KUALA LUMPUR: Petroliam Nasional Bhd (Petronas) hopes to reach a final investment decision on its RM60bil Refinery and Petrochemicals Integrated Development (Rapid) complex in Pengerang, Johor by the first quarter of next year, pushing back the commissioning of the specialty chemicals-based facility to end-2016 or early 2017.

This was because of a delay in the state government’s relocation of residents as well as cemeteries, president and CEO Tan Sri Shamsul Azhar Abbas told journalists at a briefing on Petronas’ first quarter results yesterday.

Water supply has also been an issue, he added.

Nonetheless, Shamsul said the national oil company’s five-year RM300bil capital expenditure plan to reverse declining production was intact, noting that it would have to play catch-up after having spent only RM72bil, or 24%, of that amount between 2011 and January this year.

According to its financial statements, Petronas posted a 2.73% decrease in net profit for the three months to March to RM20.37bil from RM20.94bil a year ago, citing lower crude oil prices and higher costs.

Excluding non-operating costs, Petronas said its net operating profit after tax would have improved by RM1.2bil.

Its revenue during the period rose 1.89% to RM76.68bil against RM75.25bil on higher trading volume from both crude oil and sales gas, buoyed by customer demand and the strengthening of the US dollar to the ringgit.

The state-owned firm achieved total production of 2.16 million barrels of oil equivalent per day (boe) compared with 2.11 million boe in the same quarter of last year and 2.08 million boe in the final quarter of 2012.

Its gross margin stood at 40.7% as at March, lower than 44.6% in the previous corresponding period but a substantial improvement over 29.6% in the three months to December.

The oil and gas firm’s gearing level inched down to 11.6% from 11.7% as at December, while return on average capital employed edged higher to 17.6% versus 17.2%.

Its cash reserves climbed some 4% to RM145.1bil.

In terms of its main segments, E&P was the best performer by earnings at RM11.41bil, followed by gas and power at RM5.04bil and downstream at RM2.11bil.

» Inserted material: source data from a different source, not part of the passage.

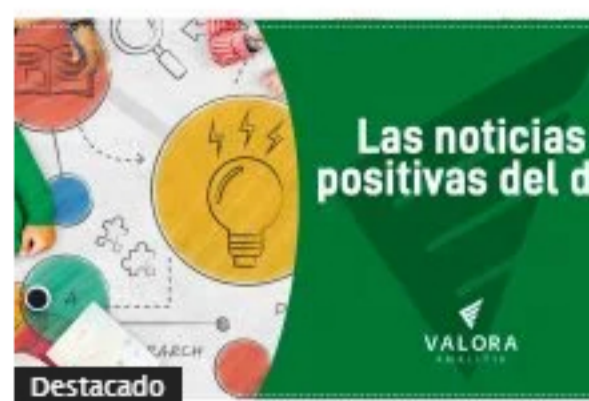
Noticias positivas del gremio Acrip, AmCham y AEI Spaces
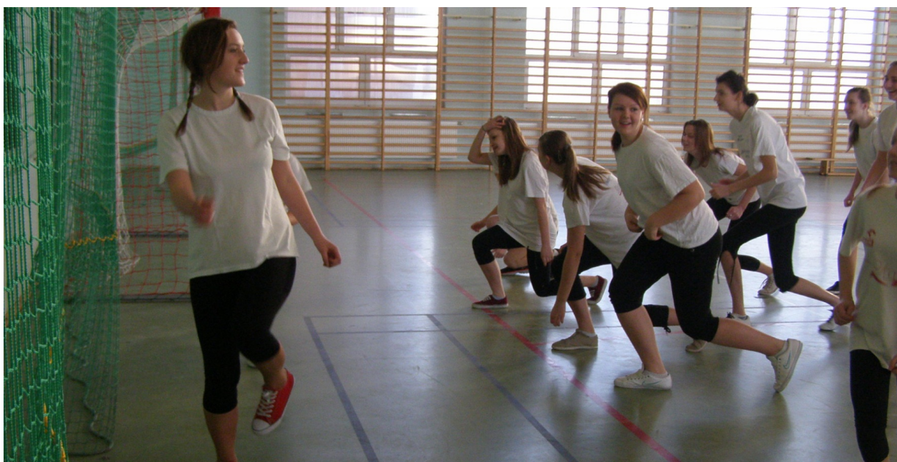
Ruch to też dobra zabawa
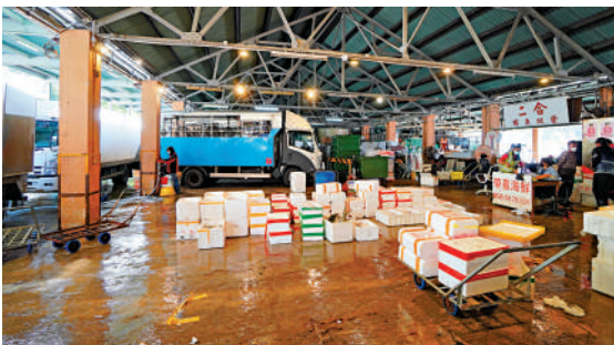
▲香港仔社區項目活動，在本月起舉辦香港仔魚市場導賞遊，讓公眾了解本港魚市場運作流程。

「漁港濃情·香港仔」社區項目於2021年9月展開，為期27個月。漁民文化博物館已於本年1月開放，為配合博物館的開放，主辦機構舉辦一連串公眾參與活動，除了香港仔魚市場導賞，亦包括漁港城市文化導賞遊、避風塘水上導賞等。
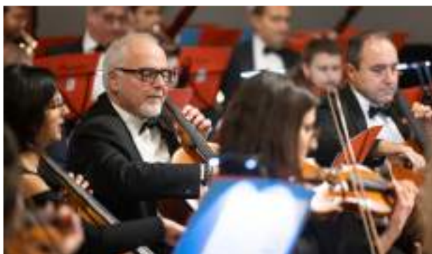
L'ORCHESTRA DEL CONCORSO PIANISTICO INTERNAZIONALE ROMA
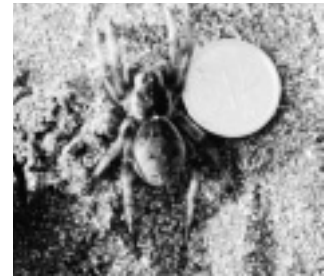
イソコモリグモ （コモリグモ科）
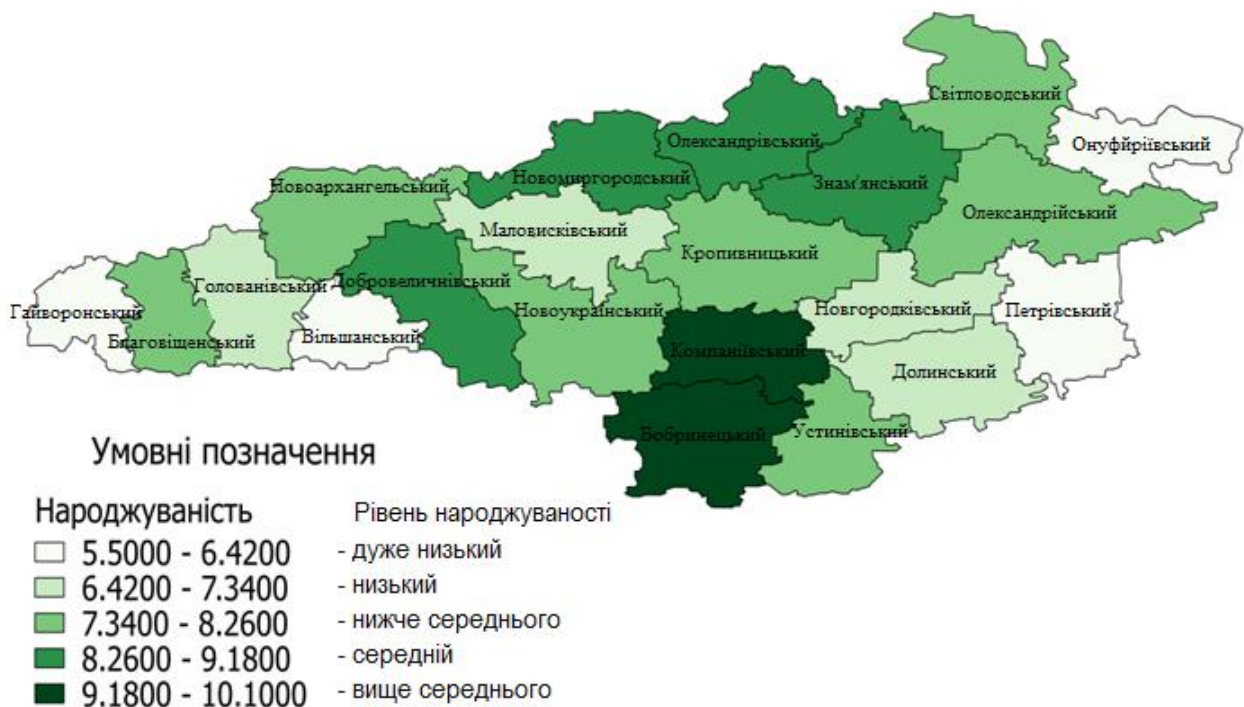
Рис.4. Коефіцієнт народжуваності в Кіровоградській області, 2018 р.

*побудовано автором на основі даних Головного управління статистики в Кіровоградській області

Turnover-wise, its downstream arm was No. 1 at RM36.76bil, followed by E&P at RM30.22bil and gas and power at RM23.19bil.

On its operations abroad, Shamsul said production at Petronas’ Canada shale gas fields was expected double next year from the current 51,000 boe.

He added that production in South Sudan, where work was halted for 15 months since January last year due to disagreements between the then newly-separated North and South Sudan over oil pipeline charges, could return to 120,000 boe by mid-2014.

Petronas’ Sudan facilities resumed operations in April, with daily production of 200 barrels currently. Its first commercial cargo is expected port side by this month. The African country’s contribution in 2013 is, however, expected to be marginal.

Shamsul said crude oil should hover between US$95-US$100 per barrel for the year compared with US$112 per barrel in the first quarter.

The company is likely to post a pretax profit of RM89bil for 2013, equal to last year, as an estimated 2% rise in production offsets lower crude oil prices, he added.